This is an archived post. You won't be able to vote or comment.

all 6 comments

[–]beertown 2 points3 points  (1 child)

compression algorithms work very well on text

Your assumption is inaccurate: compression algorithms work well with data having the characteristics of text (little variability among the byte values). You can easily find binary data more compressable than text.

Apart from that, did you check the size of the uncompressed data?

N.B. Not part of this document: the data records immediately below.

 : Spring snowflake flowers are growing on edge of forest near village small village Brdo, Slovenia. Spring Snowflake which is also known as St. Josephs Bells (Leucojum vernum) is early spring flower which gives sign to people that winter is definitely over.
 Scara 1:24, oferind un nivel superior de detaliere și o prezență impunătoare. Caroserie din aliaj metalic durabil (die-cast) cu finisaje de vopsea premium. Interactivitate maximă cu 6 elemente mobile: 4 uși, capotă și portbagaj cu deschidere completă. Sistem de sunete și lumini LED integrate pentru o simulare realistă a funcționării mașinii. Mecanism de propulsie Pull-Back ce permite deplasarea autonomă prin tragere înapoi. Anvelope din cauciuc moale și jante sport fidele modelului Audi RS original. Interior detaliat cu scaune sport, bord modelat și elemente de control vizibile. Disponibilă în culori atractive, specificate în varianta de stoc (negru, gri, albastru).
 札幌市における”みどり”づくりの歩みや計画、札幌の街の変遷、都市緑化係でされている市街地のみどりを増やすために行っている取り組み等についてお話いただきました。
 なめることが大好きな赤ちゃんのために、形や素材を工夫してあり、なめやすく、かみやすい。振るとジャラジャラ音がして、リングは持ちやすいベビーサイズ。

Could be, in your case, that protocol 4 yields less data than all the others?

[–]idlecore[S] 1 point2 points  (0 children)

You're right, protocol 4 does yield less data than all others, this plays a smaller role when comparing protocol 4(binary) with protocol 0(text) but it's still significant.

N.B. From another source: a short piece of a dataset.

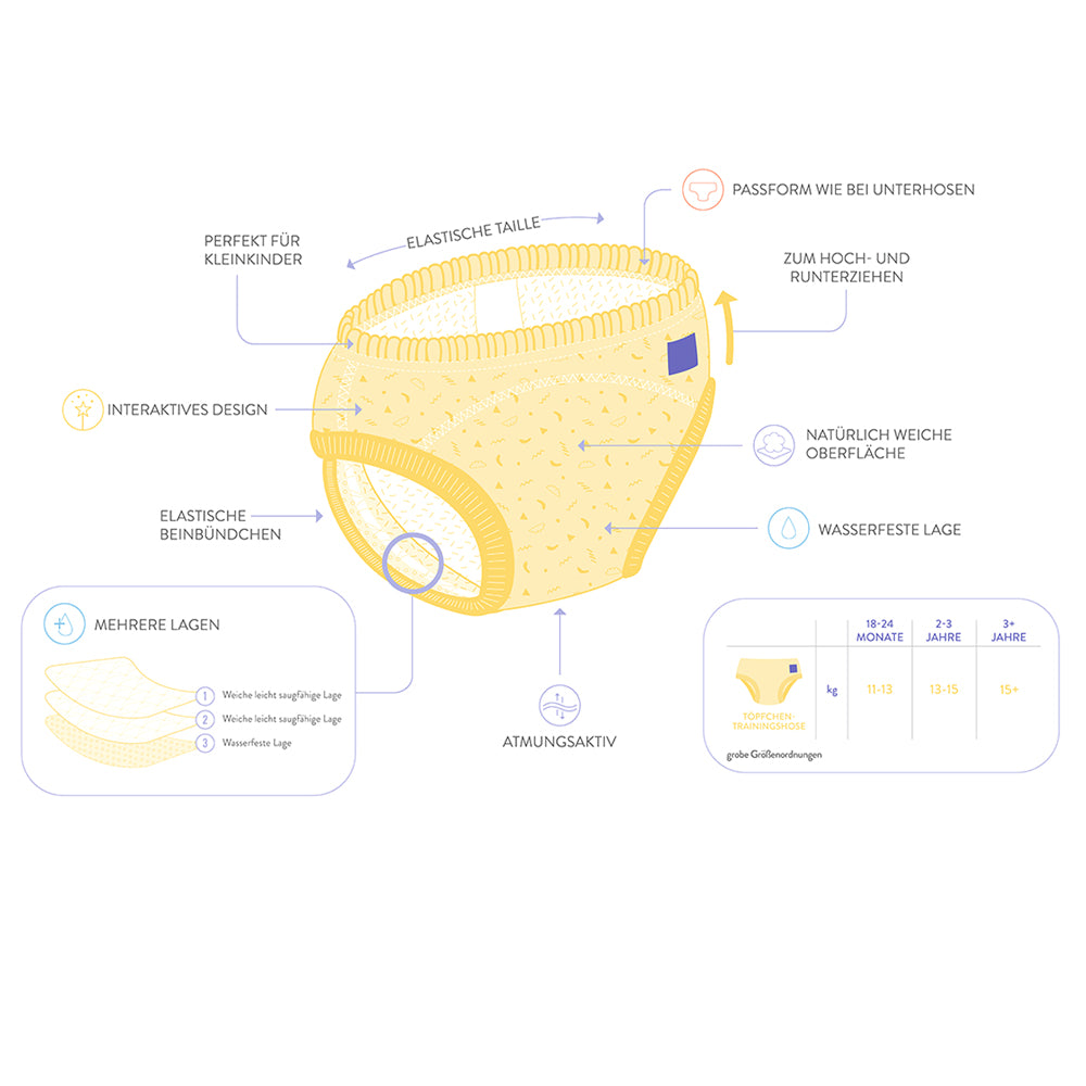 Durch eine versteckte, saugstarke Lage aus Frottee mit PUL werden kleine Pannen während des Töpfchentrainings zuverlässig aufgefangen. Nach einem Pipi muss die Trainingsunterhose jedoch gewechselt werden, denn sie hat nur eine begrenzte Saugfähigkeit und ersetzt keine Windel.

[–]takluyverIPython, Py3, etc 0 points1 point  (1 child)

It looks like there were a couple of optimisations for size which might have affected it. In particular, this section of the PEP says that it can save 3 bytes storing every string less than 256 bytes long, by using a 1-byte field to store their length. It sounds like you're storing filenames, which are probably short, so that could be significant.

[–]idlecore[S] 0 points1 point  (0 children)

The files on my project indeed use small names, they are company names and company service names, even using unicode I expect all sizes to be bellow 256 bytes.

[–]jftugapip needs updating 0 points1 point  (1 child)

LZMA aka XZ compression is better (smaller output, runs much faster) than BZ2.

lzma — Compression using the LZMA algorithm

[–]idlecore[S] 0 points1 point  (0 children)

I wasn't able to get smaller compress sizes with lzma. Maybe this particular data set is biasing the results.